Treatment approaches

Oral corticosteroids, typically prednisone, are the first-line treatment supported by AAO-HNS guidelines. Standard courses last approximately 10 to 14 days.

Intratympanic (IT) steroid injection, which delivers steroids directly through the eardrum into the middle-ear space where they can diffuse into the cochlea, is recommended as an option for patients who cannot take systemic steroids due to medical contraindications such as uncontrolled diabetes, significant hypertension, or peptic ulcer disease. IT steroids are also used as salvage therapy for patients who do not recover hearing with initial oral steroids.

Hyperbaric oxygen therapy (HBOT) is used as an adjunctive treatment in some European countries and is included in guidelines in some jurisdictions. The evidence base is considered less robust than for corticosteroids, and availability varies substantially between healthcare systems.

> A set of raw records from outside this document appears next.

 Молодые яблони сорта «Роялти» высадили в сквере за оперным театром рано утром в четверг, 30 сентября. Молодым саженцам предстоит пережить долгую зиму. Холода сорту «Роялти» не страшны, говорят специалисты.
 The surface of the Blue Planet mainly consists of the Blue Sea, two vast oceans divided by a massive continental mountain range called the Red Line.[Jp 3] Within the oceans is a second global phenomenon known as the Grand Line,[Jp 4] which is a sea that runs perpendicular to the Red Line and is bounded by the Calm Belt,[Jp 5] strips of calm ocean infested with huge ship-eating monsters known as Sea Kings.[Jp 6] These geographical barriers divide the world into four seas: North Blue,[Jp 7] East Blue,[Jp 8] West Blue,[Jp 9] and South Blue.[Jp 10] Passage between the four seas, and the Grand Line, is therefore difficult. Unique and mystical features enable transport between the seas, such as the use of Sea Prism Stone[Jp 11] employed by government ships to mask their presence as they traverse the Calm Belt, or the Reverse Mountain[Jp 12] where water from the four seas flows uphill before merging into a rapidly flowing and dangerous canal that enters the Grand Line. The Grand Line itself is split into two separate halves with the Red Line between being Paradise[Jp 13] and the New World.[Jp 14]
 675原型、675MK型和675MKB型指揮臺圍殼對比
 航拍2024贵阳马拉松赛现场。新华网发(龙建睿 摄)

The AAO-HNS guideline advises against certain treatments that were historically offered but lack supporting evidence, including antiviral medications (unless there is specific evidence of herpes zoster infection as the cause), thrombolytic agents, and vasoactive substances.

Recovery and prognosis

Recovery from SSHL ranges from complete to partial to absent, and prediction for any individual is difficult. Population-level data suggests that roughly one third of patients recover fully, one third partially, and one third have persistent significant hearing loss, though these figures are approximations and vary across studies depending on how recovery is defined and measured.

Factors generally associated with better prognosis include low-frequency or flat audiometric patterns (compared to high-frequency or total loss), prompt treatment initiation, younger age, and absence of vertigo at onset. These are population-level associations, not individual predictions.

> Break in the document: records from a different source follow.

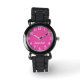 A pink background and large white numbers decorate the face of this kids watch. What a great Christmas or Birthday gift for a child! It can be personalised with child's name, or example text can be deleted. Strap is silver glitter, but is available in other colours. All Rights Reserved © 2014 Marcia Socolik.
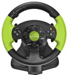 Volan cu pedale Esperanza High Octane EG104 XBOX 360 PS3 PC USB Negru/Verde „EG104” (timbru verde 0.8 lei)
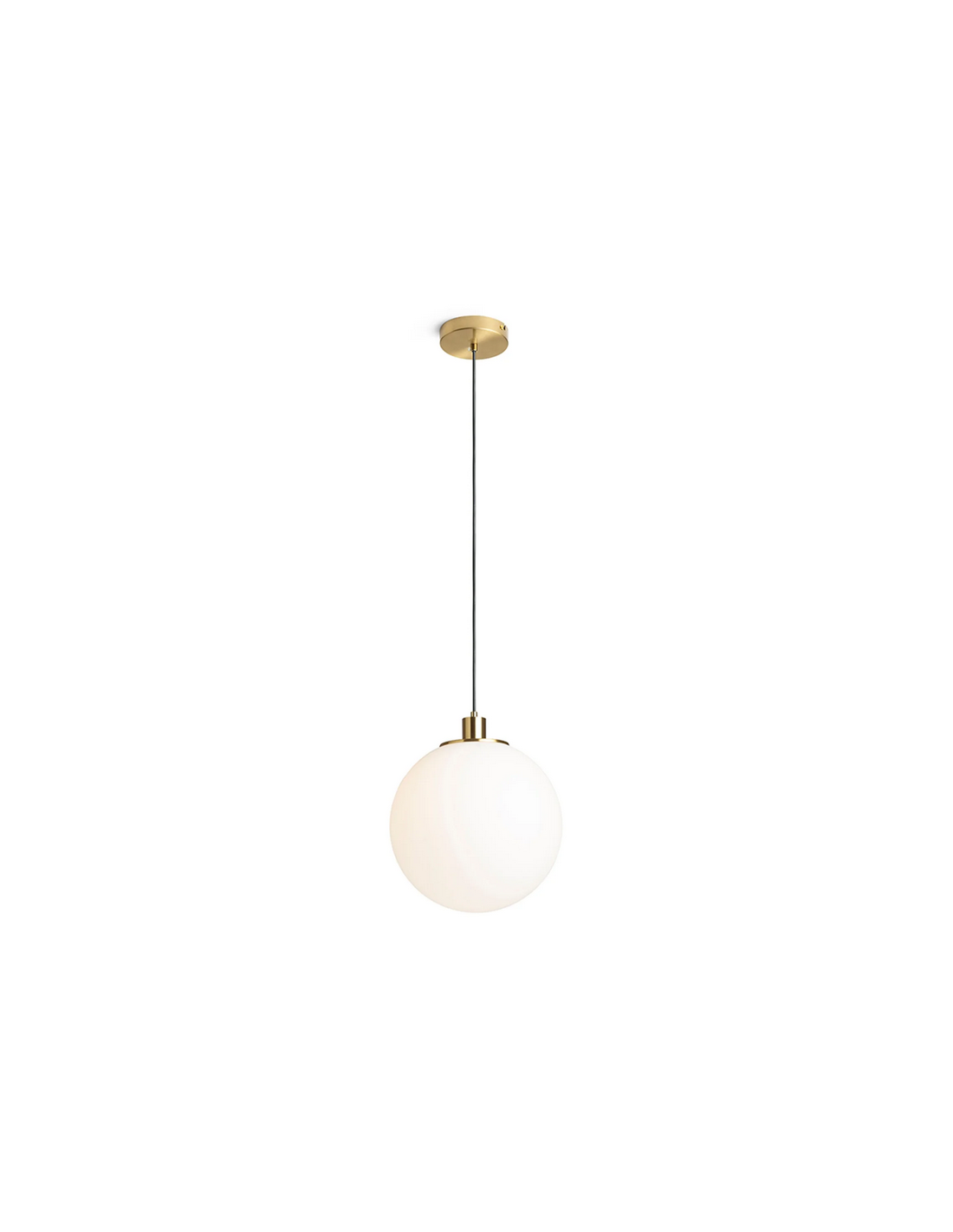 BOULDER Loftlampe udført i et stilrent design af børstet messinglakeret metal og opalhvid glas. Lampen måler 30 cm i diameter og 150 cm i højden. Lampen anvender 1 x E27 lyskilde (Ekskl.).

For people who do not recover sufficient hearing, the management path moves to hearing rehabilitation. This can include conventional hearing aids for mild to severe residual loss, bone-anchored hearing devices for specific audiometric configurations, or cochlear implantation in selected cases of profound loss. Audiologists and ENT specialists guide this part of the care pathway.

What to do

If hearing loss develops suddenly in one ear, accompanied or not by tinnitus or ear fullness, the appropriate response is to seek urgent medical evaluation, not to wait and see whether it resolves spontaneously. The NHS UK and NIDCD both advise seeking care as quickly as possible, emphasizing that SSHL is a medical emergency even when it presents without pain or other alarming symptoms.

If symptoms persist or change, see an audiologist or physician.